HOW TO COMPLETE THIS TASK
Give the data again exactly, without images.

SUPPLIED INFORMATION
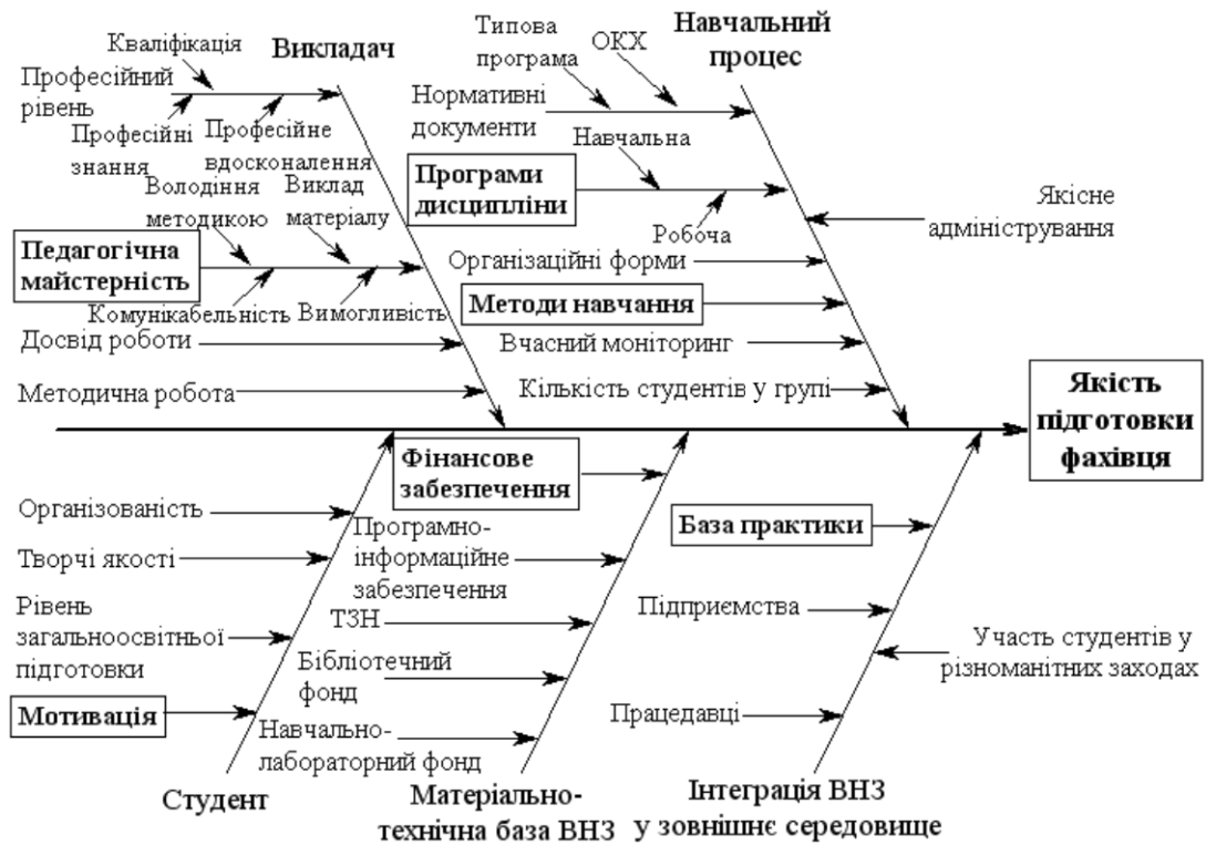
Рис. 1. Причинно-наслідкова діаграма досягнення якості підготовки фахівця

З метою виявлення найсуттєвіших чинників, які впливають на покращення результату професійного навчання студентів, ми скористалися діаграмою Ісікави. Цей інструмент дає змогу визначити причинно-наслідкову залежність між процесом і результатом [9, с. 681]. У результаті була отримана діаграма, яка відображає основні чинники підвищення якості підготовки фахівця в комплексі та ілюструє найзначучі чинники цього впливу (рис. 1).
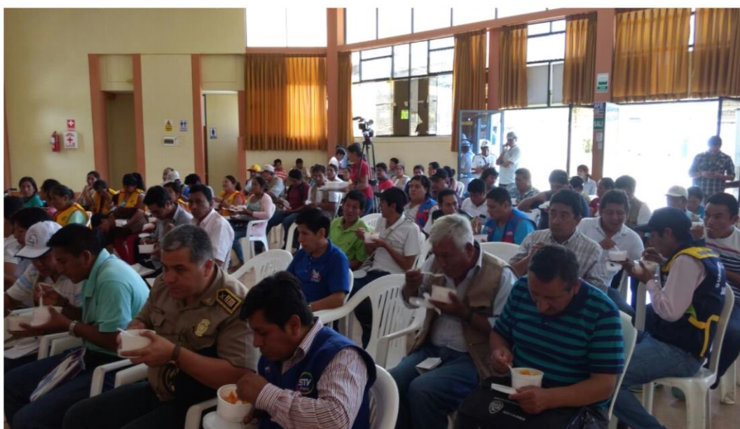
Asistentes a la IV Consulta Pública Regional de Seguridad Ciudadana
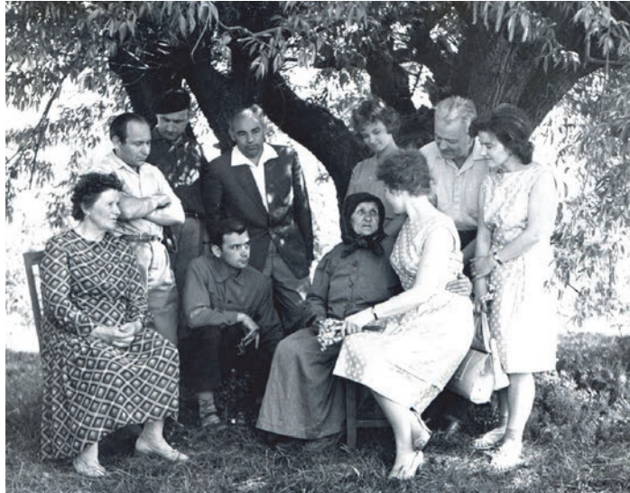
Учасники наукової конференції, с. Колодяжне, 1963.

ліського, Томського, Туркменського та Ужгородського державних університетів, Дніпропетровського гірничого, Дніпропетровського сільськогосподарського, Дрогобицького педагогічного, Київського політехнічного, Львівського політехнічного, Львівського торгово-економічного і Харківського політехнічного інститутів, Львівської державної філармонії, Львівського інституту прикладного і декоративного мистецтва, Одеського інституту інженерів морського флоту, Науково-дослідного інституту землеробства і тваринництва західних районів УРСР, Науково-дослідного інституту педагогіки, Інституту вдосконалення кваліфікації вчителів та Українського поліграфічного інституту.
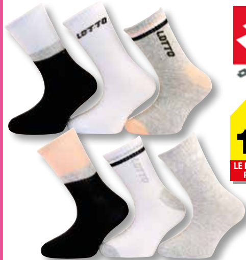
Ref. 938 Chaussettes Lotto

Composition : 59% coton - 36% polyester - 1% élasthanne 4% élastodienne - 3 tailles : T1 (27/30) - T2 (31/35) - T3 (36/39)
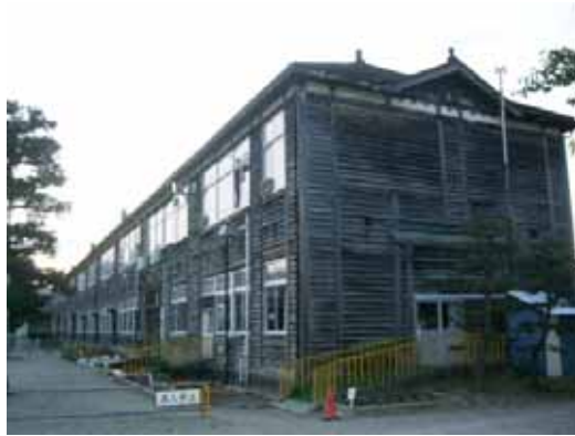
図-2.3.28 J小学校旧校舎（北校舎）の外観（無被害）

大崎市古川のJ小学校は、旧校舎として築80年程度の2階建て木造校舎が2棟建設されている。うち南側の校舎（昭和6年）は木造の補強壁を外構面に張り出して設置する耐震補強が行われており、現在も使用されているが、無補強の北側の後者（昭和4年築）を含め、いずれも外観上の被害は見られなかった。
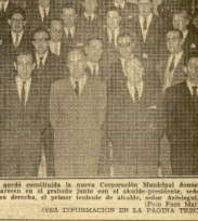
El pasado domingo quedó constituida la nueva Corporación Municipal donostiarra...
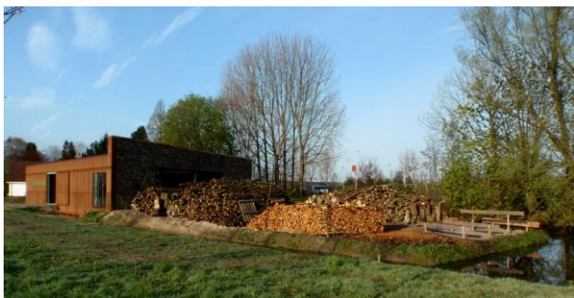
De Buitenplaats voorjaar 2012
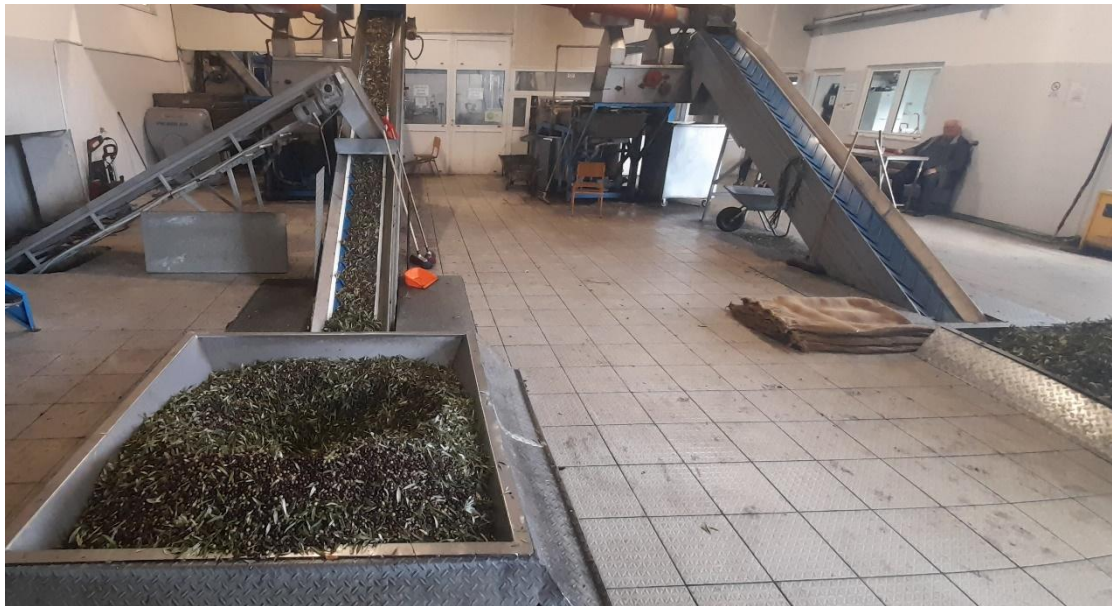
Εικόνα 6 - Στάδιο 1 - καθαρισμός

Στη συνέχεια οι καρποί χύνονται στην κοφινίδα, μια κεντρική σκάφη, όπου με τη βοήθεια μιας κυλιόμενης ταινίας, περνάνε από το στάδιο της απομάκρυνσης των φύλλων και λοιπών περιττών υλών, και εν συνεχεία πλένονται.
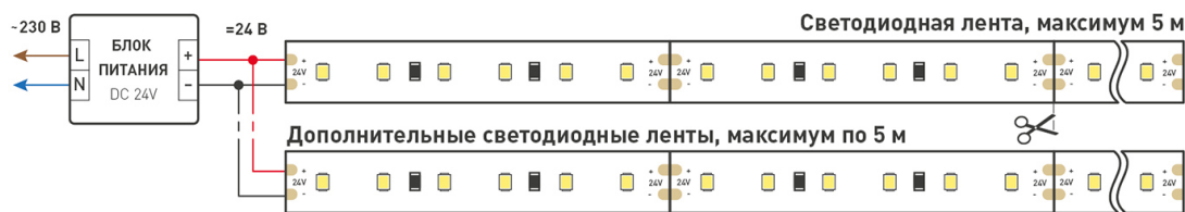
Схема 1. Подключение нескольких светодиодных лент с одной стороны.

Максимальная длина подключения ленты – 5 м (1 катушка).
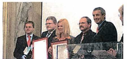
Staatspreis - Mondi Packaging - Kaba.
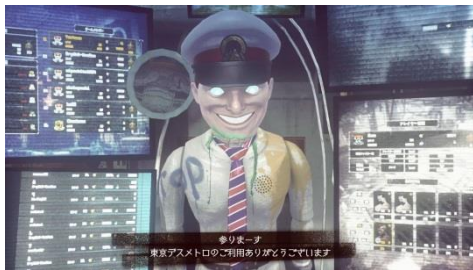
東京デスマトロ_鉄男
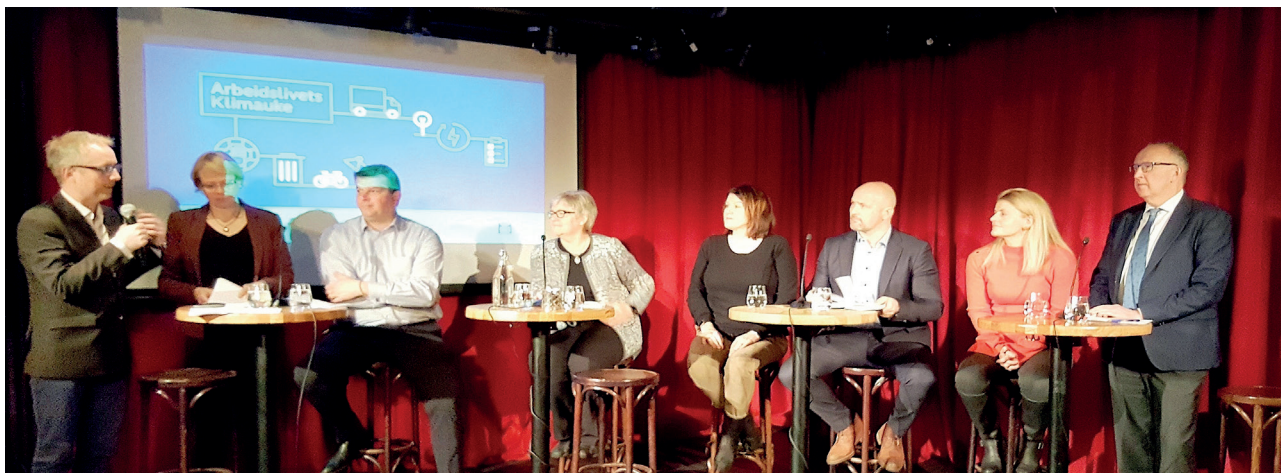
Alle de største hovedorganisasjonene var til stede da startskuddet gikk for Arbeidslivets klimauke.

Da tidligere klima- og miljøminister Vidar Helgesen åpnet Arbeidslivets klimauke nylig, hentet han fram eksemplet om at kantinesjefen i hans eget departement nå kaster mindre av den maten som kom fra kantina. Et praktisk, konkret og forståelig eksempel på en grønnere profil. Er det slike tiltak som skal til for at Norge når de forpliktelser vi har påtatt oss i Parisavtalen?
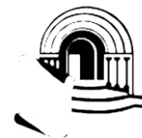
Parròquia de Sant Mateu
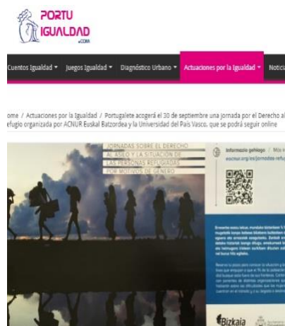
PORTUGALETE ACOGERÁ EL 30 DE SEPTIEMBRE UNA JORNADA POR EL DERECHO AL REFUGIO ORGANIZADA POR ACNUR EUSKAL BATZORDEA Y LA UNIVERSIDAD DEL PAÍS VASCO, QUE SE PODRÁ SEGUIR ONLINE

EXPECTED ANSWER
Рис. 1. Причинно-наслідкова діаграма досягнення якості підготовки фахівця

З метою виявлення найсуттєвіших чинників, які впливають на покращення результату професійного навчання студентів, ми скористалися діаграмою Ісікави. Цей інструмент дає змогу визначити причинно-наслідкову залежність між процесом і результатом [9, с. 681]. У результаті була отримана діаграма, яка відображає основні чинники підвищення якості підготовки фахівця в комплексі та ілюструє найзначучі чинники цього впливу (рис. 1).
Asistentes a la IV Consulta Pública Regional de Seguridad Ciudadana
Учасники наукової конференції, с. Колодяжне, 1963.

ліського, Томського, Туркменського та Ужгородського державних університетів, Дніпропетровського гірничого, Дніпропетровського сільськогосподарського, Дрогобицького педагогічного, Київського політехнічного, Львівського політехнічного, Львівського торгово-економічного і Харківського політехнічного інститутів, Львівської державної філармонії, Львівського інституту прикладного і декоративного мистецтва, Одеського інституту інженерів морського флоту, Науково-дослідного інституту землеробства і тваринництва західних районів УРСР, Науково-дослідного інституту педагогіки, Інституту вдосконалення кваліфікації вчителів та Українського поліграфічного інституту.
Ref. 938 Chaussettes Lotto

Composition : 59% coton - 36% polyester - 1% élasthanne 4% élastodienne - 3 tailles : T1 (27/30) - T2 (31/35) - T3 (36/39)
図-2.3.28 J小学校旧校舎（北校舎）の外観（無被害）

大崎市古川のJ小学校は、旧校舎として築80年程度の2階建て木造校舎が2棟建設されている。うち南側の校舎（昭和6年）は木造の補強壁を外構面に張り出して設置する耐震補強が行われており、現在も使用されているが、無補強の北側の後者（昭和4年築）を含め、いずれも外観上の被害は見られなかった。
El pasado domingo quedó constituida la nueva Corporación Municipal donostiarra...
De Buitenplaats voorjaar 2012
Εικόνα 6 - Στάδιο 1 - καθαρισμός

Στη συνέχεια οι καρποί χύνονται στην κοφινίδα, μια κεντρική σκάφη, όπου με τη βοήθεια μιας κυλιόμενης ταινίας, περνάνε από το στάδιο της απομάκρυνσης των φύλλων και λοιπών περιττών υλών, και εν συνεχεία πλένονται.
Схема 1. Подключение нескольких светодиодных лент с одной стороны.

Максимальная длина подключения ленты – 5 м (1 катушка).
Staatspreis - Mondi Packaging - Kaba.
東京デスマトロ_鉄男
Alle de største hovedorganisasjonene var til stede da startskuddet gikk for Arbeidslivets klimauke.

Da tidligere klima- og miljøminister Vidar Helgesen åpnet Arbeidslivets klimauke nylig, hentet han fram eksemplet om at kantinesjefen i hans eget departement nå kaster mindre av den maten som kom fra kantina. Et praktisk, konkret og forståelig eksempel på en grønnere profil. Er det slike tiltak som skal til for at Norge når de forpliktelser vi har påtatt oss i Parisavtalen?
Parròquia de Sant Mateu
PORTUGALETE ACOGERÁ EL 30 DE SEPTIEMBRE UNA JORNADA POR EL DERECHO AL REFUGIO ORGANIZADA POR ACNUR EUSKAL BATZORDEA Y LA UNIVERSIDAD DEL PAÍS VASCO, QUE SE PODRÁ SEGUIR ONLINE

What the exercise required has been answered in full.